● **INSTRUCTIONS TO FOLLOW**
Once the line with "Инди Маркет, сеть" is found, write it out along with each later line exactly, through the end of the entries, skipping every picture.
☆ ☆ ☆ ☆ ☆ ☆ ☆
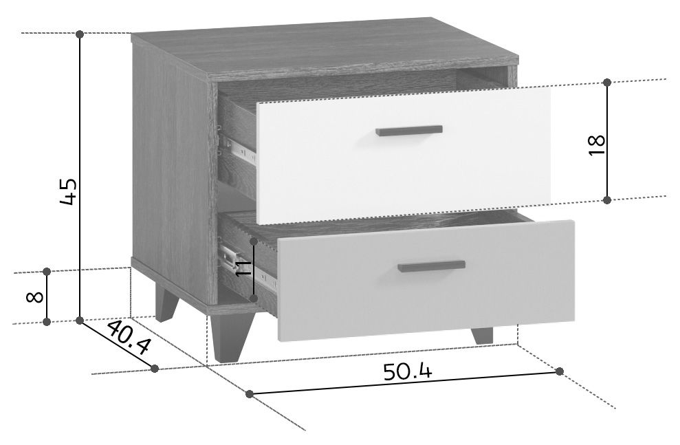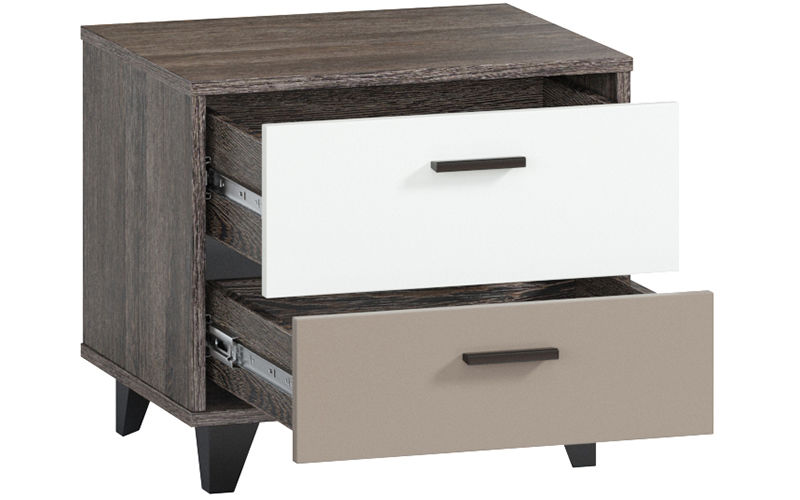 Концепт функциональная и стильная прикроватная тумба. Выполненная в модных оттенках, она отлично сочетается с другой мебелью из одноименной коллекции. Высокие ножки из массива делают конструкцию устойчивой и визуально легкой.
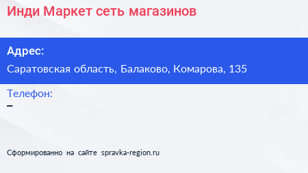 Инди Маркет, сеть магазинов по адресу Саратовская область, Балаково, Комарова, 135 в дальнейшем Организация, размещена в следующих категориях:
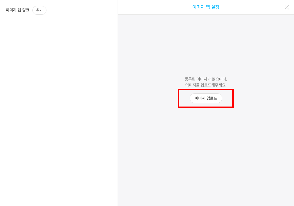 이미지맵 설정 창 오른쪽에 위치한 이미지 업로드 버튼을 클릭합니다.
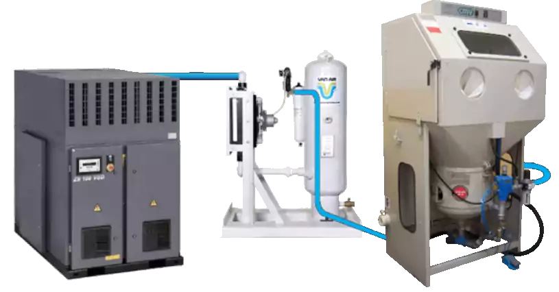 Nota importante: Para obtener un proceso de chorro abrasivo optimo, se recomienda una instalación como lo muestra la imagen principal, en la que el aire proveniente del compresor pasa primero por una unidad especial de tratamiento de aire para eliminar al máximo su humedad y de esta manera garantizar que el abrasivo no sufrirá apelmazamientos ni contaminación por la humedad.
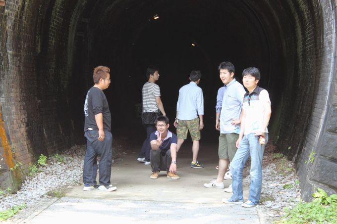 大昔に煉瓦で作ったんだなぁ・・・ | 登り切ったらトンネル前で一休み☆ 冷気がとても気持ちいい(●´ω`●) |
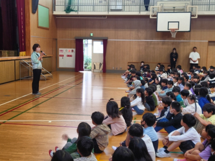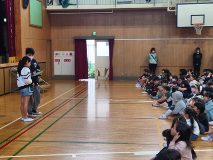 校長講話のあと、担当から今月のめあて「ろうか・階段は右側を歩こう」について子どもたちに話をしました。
☆ ☆ ☆ ☆ ☆ ☆ ☆
● **EXERCISE RESULT**
 Инди Маркет, сеть магазинов по адресу Саратовская область, Балаково, Комарова, 135 в дальнейшем Организация, размещена в следующих категориях:
 이미지맵 설정 창 오른쪽에 위치한 이미지 업로드 버튼을 클릭합니다.
 Nota importante: Para obtener un proceso de chorro abrasivo optimo, se recomienda una instalación como lo muestra la imagen principal, en la que el aire proveniente del compresor pasa primero por una unidad especial de tratamiento de aire para eliminar al máximo su humedad y de esta manera garantizar que el abrasivo no sufrirá apelmazamientos ni contaminación por la humedad.
 大昔に煉瓦で作ったんだなぁ・・・ | 登り切ったらトンネル前で一休み☆ 冷気がとても気持ちいい(●´ω`●) |
 校長講話のあと、担当から今月のめあて「ろうか・階段は右側を歩こう」について子どもたちに話をしました。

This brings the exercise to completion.